Several tortuous hours later, three of the men were dead. Bigelow's Detroit is a pacey and problematic recreation of what happened during those hours.
The dynamics in play at the Algiers are complex and fraught. Racist police officer Krauss (Will Poulter) resents the white girls Julie Ann and Karen (Hannah Murray and Kaitlyn Dever) for their relationship to handsome veteran Greene (Anthony Mackie), but there's also friction between the dandyish Dramatics singer Larry (Algee Smith) and the cooler, harder crowd led by Carl (Jason Mitchell).
The whole terrible event is overseen by black security guard Melvin Dismukes (John Boyega), whose attempts to mitigate the worst of the abuse is compromised by his position of authority and his fear.
Kathryn Bigelow, director of Detroit, with actor Will Poulter
Some have found it problematic that a film directed by a white woman and scripted by a white man (Mark Boal, who wrote Bigelow's last two films) spends so much time showing black men cowering beneath figures of white establishment power.
But Detroit is carefully researched and (where research failed) believably imagined, with a keen sense of the ironies and stumbling blocks inherent in bearing witness. And the film's third act – when, after the incident, confessions are stymied and testimonies rubbished – deliberately draws attention to Bigelow's own act of bearing witness, inviting analysis and evaluation.
That's not to say that Detroit isn't problematic; rather, that its problems stem less from who its director is (white, privileged, not from Detroit) and more from what kind of films she likes to make.
As her career progresses, Bigelow steps further into historical fact while keeping one foot in the pulpy action-thriller territory where she learnt her trade.
Her earlier films are wild, over-the-top fantasies.
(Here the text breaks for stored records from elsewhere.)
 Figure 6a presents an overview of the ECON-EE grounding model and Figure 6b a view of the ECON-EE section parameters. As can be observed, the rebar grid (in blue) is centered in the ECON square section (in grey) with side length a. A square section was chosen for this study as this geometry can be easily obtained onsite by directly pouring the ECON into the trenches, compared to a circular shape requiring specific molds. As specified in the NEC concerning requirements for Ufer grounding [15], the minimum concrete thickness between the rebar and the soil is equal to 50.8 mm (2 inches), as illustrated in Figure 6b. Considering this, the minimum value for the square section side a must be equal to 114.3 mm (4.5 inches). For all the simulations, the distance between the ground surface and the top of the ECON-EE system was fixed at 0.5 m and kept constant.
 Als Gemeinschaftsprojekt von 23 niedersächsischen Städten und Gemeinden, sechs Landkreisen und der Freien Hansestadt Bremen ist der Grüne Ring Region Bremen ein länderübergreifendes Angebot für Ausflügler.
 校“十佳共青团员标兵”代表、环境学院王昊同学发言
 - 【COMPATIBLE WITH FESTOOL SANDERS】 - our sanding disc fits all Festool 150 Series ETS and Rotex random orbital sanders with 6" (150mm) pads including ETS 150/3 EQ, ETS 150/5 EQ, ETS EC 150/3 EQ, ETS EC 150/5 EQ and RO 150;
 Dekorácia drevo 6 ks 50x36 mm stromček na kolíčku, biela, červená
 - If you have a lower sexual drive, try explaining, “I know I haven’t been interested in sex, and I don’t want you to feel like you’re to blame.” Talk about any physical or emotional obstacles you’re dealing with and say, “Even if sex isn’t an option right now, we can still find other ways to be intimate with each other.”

Popcorn movies don't get much more savvy or efficient. Near Dark (1987) is a bloody and fun 'vampire western', and Point Break (1991) is a cult thriller about an FBI agent (Keanu Reeves) who learns surfing in order to infiltrate a gang of beach-bum bank robbers led by Patrick Swayze (yes, really).
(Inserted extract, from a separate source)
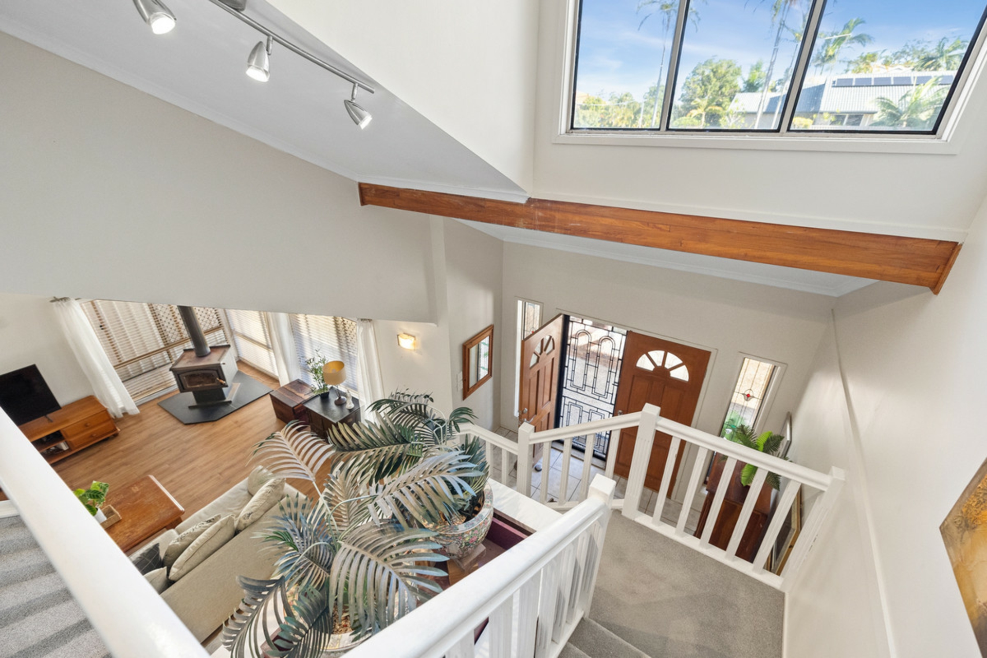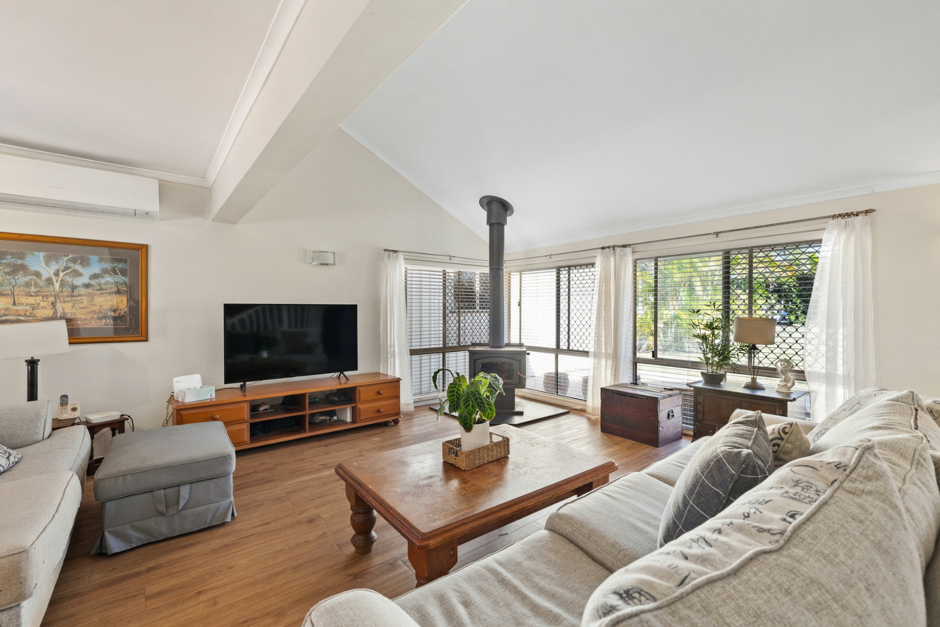 -Light filled living area at the front of the property with wood burner and doors opening to an expansive undercover entertaining area

Both films are as ludicrous-yet-charming as they sound, and they make no claims to be anything other than works of the imagination. But Bigelow's later films have seen her high-octane style given increasingly serious contexts.
The Hurt Locker (2008), the film that netted her the Oscars for Best Picture and Best Director – she remains the only female director to have won the awards – is a perfect mix of nervy fun (the protagonist is a bomb disposal expert) and sober representation of a historical moment (it's set during the Iraq War). Zero Dark Thirty (2012), Bigelow's film about the CIA's hunt for Osama bin Laden, doesn't find the balance so easily: its genre trappings sit uncomfortably with the scenes of 'enhanced interrogation' (the torture of terrorist suspects).
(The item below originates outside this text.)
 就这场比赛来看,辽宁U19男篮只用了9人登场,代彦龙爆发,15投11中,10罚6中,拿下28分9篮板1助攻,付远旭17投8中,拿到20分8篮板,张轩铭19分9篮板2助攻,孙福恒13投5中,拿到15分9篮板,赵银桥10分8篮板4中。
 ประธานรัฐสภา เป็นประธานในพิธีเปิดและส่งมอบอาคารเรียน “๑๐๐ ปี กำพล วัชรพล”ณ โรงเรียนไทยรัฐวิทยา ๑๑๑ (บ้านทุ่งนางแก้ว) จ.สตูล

Will Poulter and Anthony Mackie in Detroit
Detroit is similarly an uncomfortable watch. It attempts to vividly realise a historical moment, and it functions as an act of memorial for those who lost their lives. Like Bigelow's early films, it's utterly edge-of-the-seat; like Zero Dark Thirty, this edge-of-the-seat quality jars with a complex political subject.
While watching Detroit, the audience is moved, shocked, and unsettled – but it's also seriously entertained. The tension is kept incredibly high throughout. Detroit does what any good thriller does: it hooks its audience, then keeps them in a state of exquisitely unbearable anticipation for most of its running time.
But a good thriller isn't necessarily what Detroit needed to be. It's hard to shake the feeling of dissonance between the essentially pleasurable experience of watching Bigelow's movie and the agonising experience of those who suffered in the Algiers Hotel.